**Activity**
Return, unaltered, every line from the beginning of the material below up to and including the one with "oblong bellied form, scroll".

**Information shown**
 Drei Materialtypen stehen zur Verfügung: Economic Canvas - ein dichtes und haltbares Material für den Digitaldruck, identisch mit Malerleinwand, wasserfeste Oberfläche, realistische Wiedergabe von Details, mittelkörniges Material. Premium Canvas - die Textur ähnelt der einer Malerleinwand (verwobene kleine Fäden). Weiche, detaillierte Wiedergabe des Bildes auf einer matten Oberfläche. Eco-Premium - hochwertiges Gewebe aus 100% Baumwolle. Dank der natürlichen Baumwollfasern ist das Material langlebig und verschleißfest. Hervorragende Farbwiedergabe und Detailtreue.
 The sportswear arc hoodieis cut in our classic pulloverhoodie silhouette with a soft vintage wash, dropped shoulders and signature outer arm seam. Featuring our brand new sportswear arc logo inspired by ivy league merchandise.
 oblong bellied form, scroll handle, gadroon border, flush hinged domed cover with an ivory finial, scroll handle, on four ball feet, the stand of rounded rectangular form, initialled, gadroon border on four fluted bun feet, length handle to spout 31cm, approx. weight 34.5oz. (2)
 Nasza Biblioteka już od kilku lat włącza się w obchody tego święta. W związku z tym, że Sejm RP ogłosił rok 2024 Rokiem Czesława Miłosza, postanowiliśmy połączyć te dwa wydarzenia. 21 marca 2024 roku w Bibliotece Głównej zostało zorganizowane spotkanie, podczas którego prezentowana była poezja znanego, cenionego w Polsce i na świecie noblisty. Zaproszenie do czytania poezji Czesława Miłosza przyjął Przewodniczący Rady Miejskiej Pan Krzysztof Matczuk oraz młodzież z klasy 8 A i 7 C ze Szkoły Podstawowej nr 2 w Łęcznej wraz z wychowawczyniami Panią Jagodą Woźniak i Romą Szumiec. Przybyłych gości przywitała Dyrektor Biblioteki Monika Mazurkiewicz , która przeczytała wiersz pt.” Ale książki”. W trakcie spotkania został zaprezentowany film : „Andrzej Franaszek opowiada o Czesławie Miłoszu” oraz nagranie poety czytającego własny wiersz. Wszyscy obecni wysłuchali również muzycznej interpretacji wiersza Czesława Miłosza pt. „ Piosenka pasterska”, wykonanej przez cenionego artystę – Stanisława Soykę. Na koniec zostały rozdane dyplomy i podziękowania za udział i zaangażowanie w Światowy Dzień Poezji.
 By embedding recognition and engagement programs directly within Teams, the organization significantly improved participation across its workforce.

**Task response**
 Drei Materialtypen stehen zur Verfügung: Economic Canvas - ein dichtes und haltbares Material für den Digitaldruck, identisch mit Malerleinwand, wasserfeste Oberfläche, realistische Wiedergabe von Details, mittelkörniges Material. Premium Canvas - die Textur ähnelt der einer Malerleinwand (verwobene kleine Fäden). Weiche, detaillierte Wiedergabe des Bildes auf einer matten Oberfläche. Eco-Premium - hochwertiges Gewebe aus 100% Baumwolle. Dank der natürlichen Baumwollfasern ist das Material langlebig und verschleißfest. Hervorragende Farbwiedergabe und Detailtreue.
 The sportswear arc hoodieis cut in our classic pulloverhoodie silhouette with a soft vintage wash, dropped shoulders and signature outer arm seam. Featuring our brand new sportswear arc logo inspired by ivy league merchandise.
 oblong bellied form, scroll handle, gadroon border, flush hinged domed cover with an ivory finial, scroll handle, on four ball feet, the stand of rounded rectangular form, initialled, gadroon border on four fluted bun feet, length handle to spout 31cm, approx. weight 34.5oz. (2)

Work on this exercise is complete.